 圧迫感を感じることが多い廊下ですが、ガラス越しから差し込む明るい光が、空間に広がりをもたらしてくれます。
...
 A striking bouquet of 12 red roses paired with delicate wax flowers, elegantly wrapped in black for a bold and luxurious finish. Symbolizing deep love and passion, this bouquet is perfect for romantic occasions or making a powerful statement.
...
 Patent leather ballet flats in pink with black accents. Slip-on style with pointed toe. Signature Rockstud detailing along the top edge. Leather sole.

- _What you should do_
Report how many lines in the entries hold the string "with". Nothing but the number is wanted.

- _Answer_
2